Lam-Tung relation breaking in $Z$ boson production as a probe of SMEFT effects

TL;DR

This paper investigates the Lam-Tung relation violation in Z boson production at the LHC, proposing SMEFT effects as a possible explanation and a means to constrain new physics through detailed analysis of operator contributions.

Contribution

It provides a model-independent SMEFT analysis showing quadratic effects of dimension-6 dipole operators dominate the Lam-Tung relation breaking, offering new insights into potential new physics signals.

Findings

SMEFT contributions appear at 1/Λ^4 order with O(α_s) accuracy.

Quadratic effects of Z-boson dipole operators dominate the violation.
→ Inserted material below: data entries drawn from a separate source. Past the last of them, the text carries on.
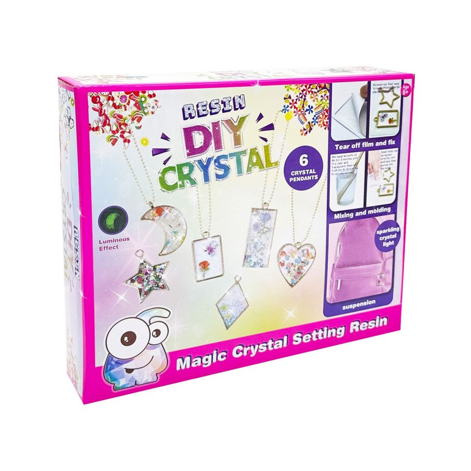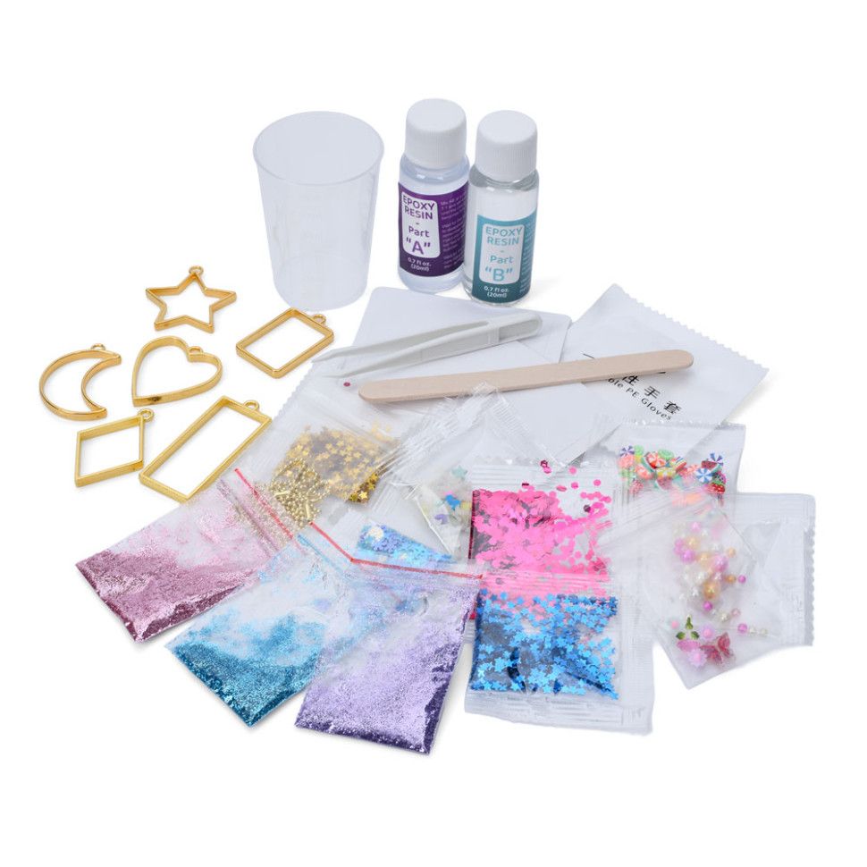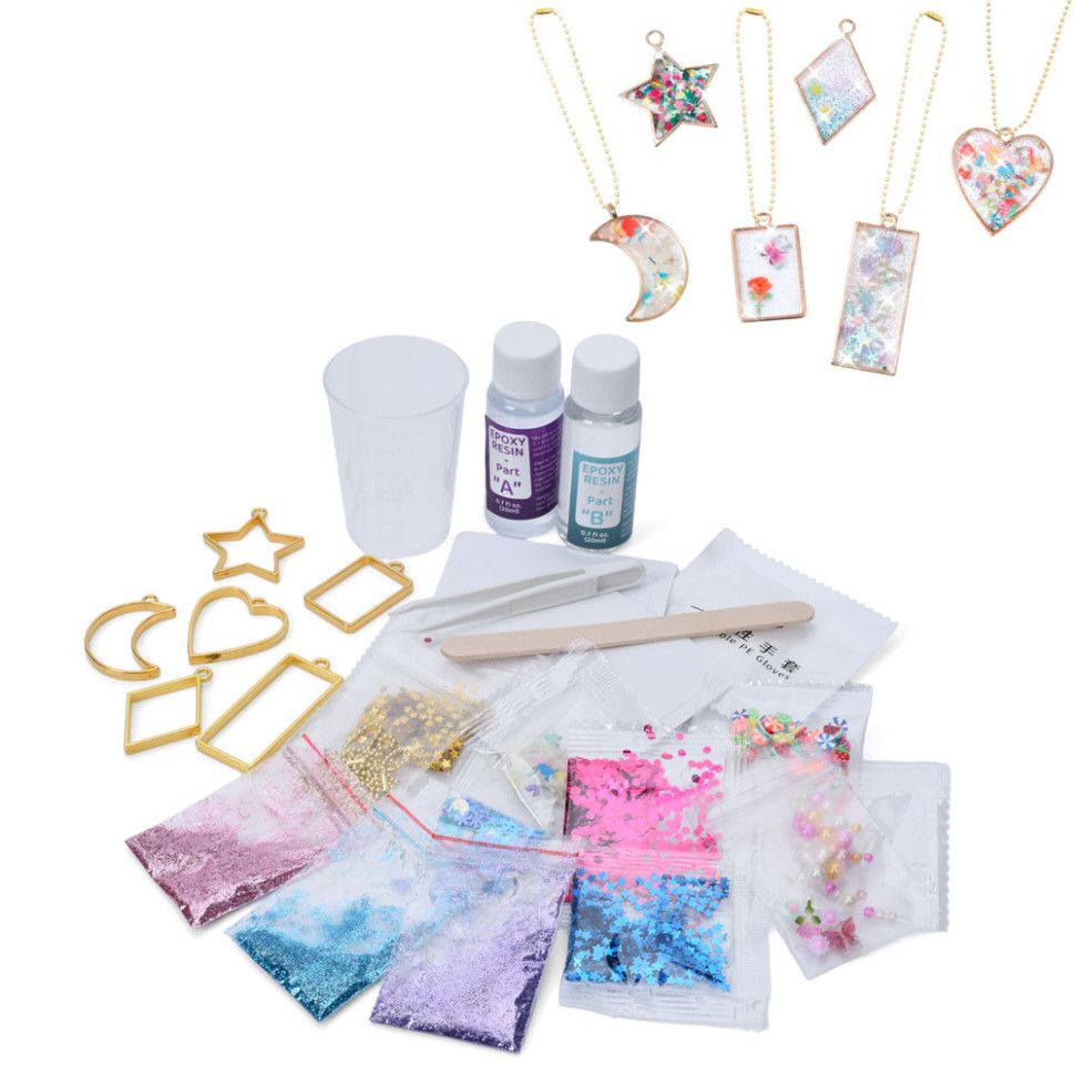 У наборі є 6 форм для підвісок, глітер, фігурки для прикрашання, ланцюжки, мірна склянка, інструменти, епоксидна смола та активатор, що дозволяє дитині виготовляти власні унікальні прикраси.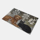 Welcome Doormat featuring brown Dog & Black Cat vintage artwork surrounded by a beautiful thistle, white orchids, pampas grass and exotic winter whites laced in gold of Art Nuovo following in style of William Morris. Fabulous gift for dog / cat owners. Easily customise welcome text. For other sized versions / adjustment, please see in my store.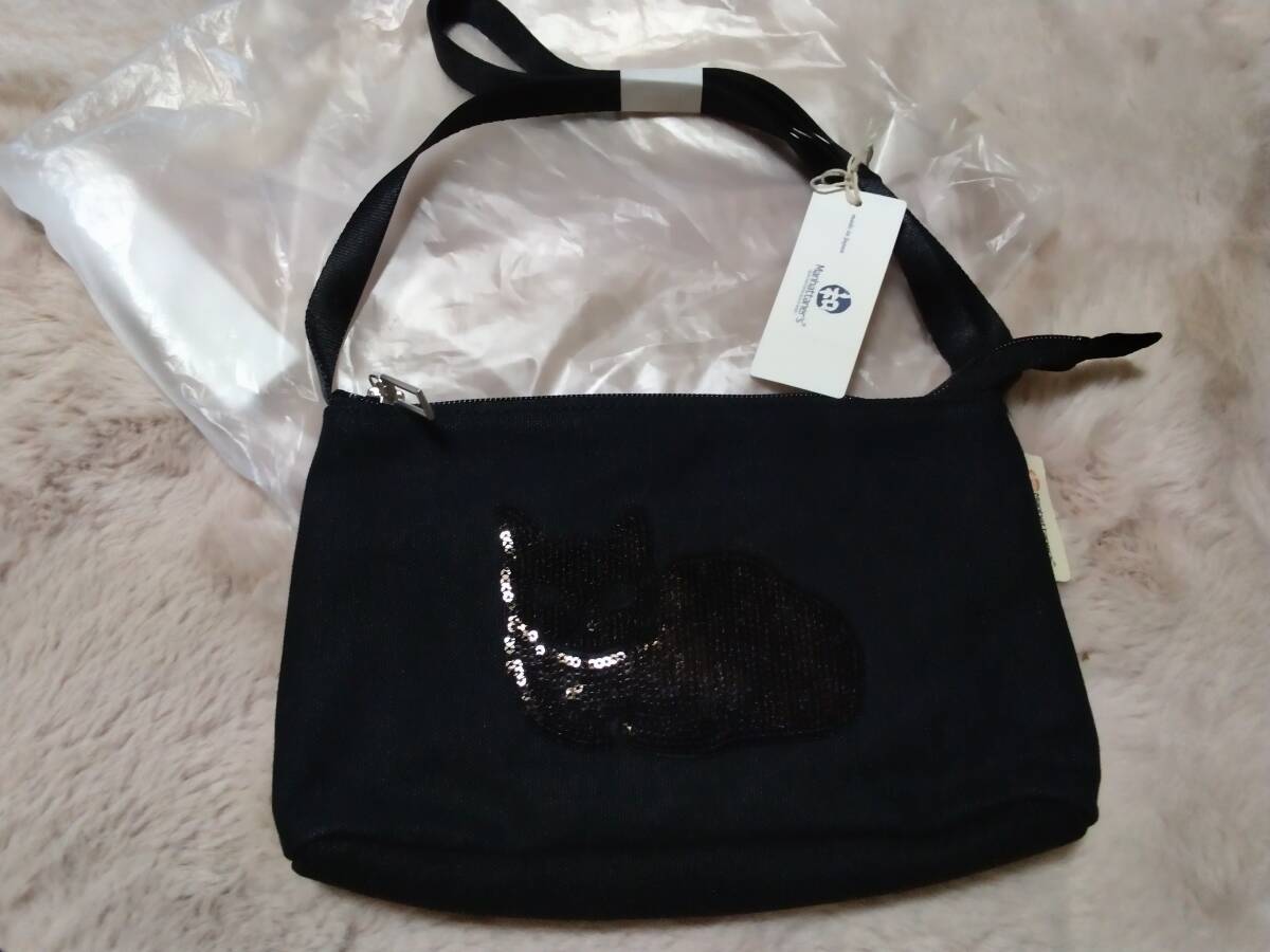 > ★半額★新品即決★定価7700円税込★和マンハッタナーズ 猫バッグ 猫 ショルダーバッグ スパンコール刺繍 黒 ブラック スパンコール

Breaking effects can constrain Z-boson dipole interactions.

Abstract

The violation of Lam-Tung relation in the high-$p_T^{\ell\ell}$ region of the Drell-Yan process at the LHC presents a long-standing discrepancy with the standard model prediction at $\mathcal{O}(\alpha_s^3)$ accuracy. In this Letter, we employed a model-independent analysis to investigate this phenomenon within the framework of the Standard Model Effective Field Theory (SMEFT). Our findings revealed that the leading contributions from SMEFT to this violation appear at the $1/\Lambda^4$ order with $\mathcal{O}(\alpha_s)$ accuracy in QCD interaction. Notably, we demonstrated that the quadratic effect of dimension-6 dipole operators, associated with the $Z$ boson, dominates the breaking effects induced by various dimension-6 and dimension-8 operators. This provides a possible explanation for the observed discrepancy with the Standard Model predictions at the LHC. Furthermore, the breaking effects could also serve as a powerful tool for constraining $Z$-boson dipole interactions, highlighting their importance among potential sources of new physics in the Drell-Yan process.